DATASET ENTRIES:
Start of Block

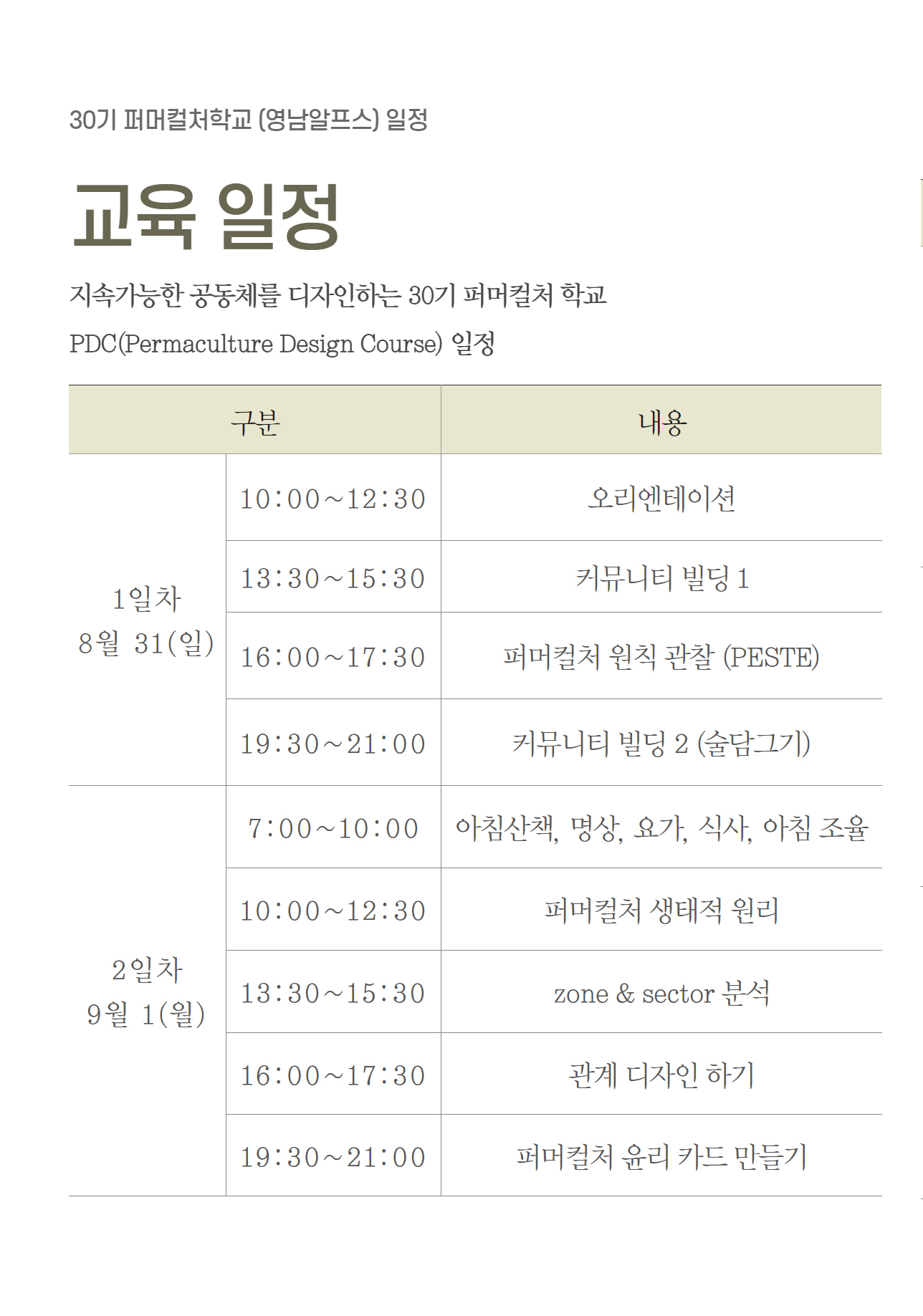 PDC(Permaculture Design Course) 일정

End of Block
Start of Block

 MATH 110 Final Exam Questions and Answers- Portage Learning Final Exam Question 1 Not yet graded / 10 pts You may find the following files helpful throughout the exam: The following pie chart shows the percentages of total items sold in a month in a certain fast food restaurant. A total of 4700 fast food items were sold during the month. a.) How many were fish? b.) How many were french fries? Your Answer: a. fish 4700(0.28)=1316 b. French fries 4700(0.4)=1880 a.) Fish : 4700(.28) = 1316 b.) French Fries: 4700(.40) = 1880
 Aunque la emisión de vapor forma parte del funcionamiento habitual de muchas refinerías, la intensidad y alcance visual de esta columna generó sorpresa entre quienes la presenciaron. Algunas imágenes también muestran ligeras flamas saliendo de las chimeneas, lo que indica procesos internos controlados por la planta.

End of Block
Start of Block

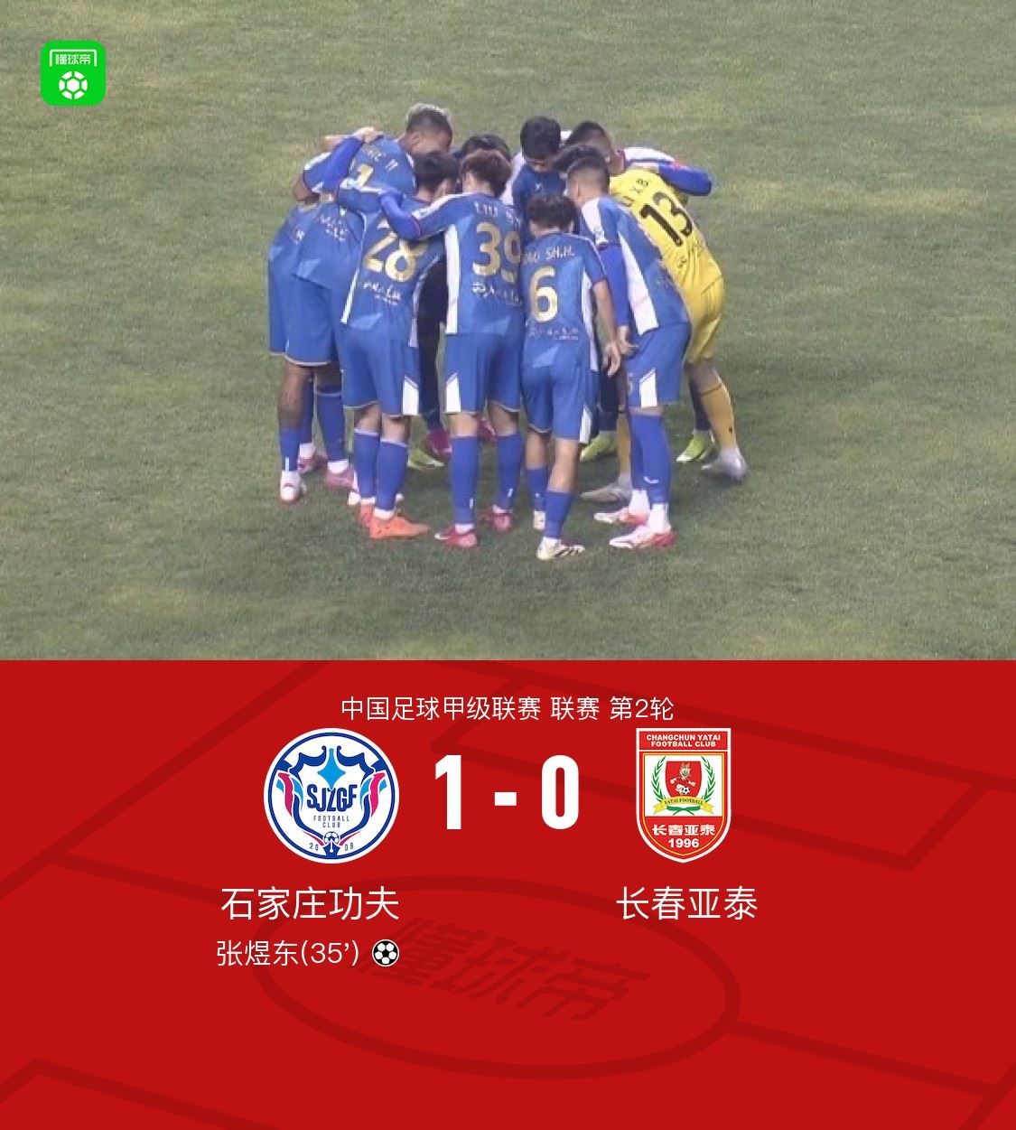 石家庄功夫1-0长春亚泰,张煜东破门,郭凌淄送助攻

End of Block

Of all the entries above, output exactly the lines between the one holding "MATH 110 Final" and the one holding "Aunque la emisión", inclusive.

 MATH 110 Final Exam Questions and Answers- Portage Learning Final Exam Question 1 Not yet graded / 10 pts You may find the following files helpful throughout the exam: The following pie chart shows the percentages of total items sold in a month in a certain fast food restaurant. A total of 4700 fast food items were sold during the month. a.) How many were fish? b.) How many were french fries? Your Answer: a. fish 4700(0.28)=1316 b. French fries 4700(0.4)=1880 a.) Fish : 4700(.28) = 1316 b.) French Fries: 4700(.40) = 1880
 Aunque la emisión de vapor forma parte del funcionamiento habitual de muchas refinerías, la intensidad y alcance visual de esta columna generó sorpresa entre quienes la presenciaron. Algunas imágenes también muestran ligeras flamas saliendo de las chimeneas, lo que indica procesos internos controlados por la planta.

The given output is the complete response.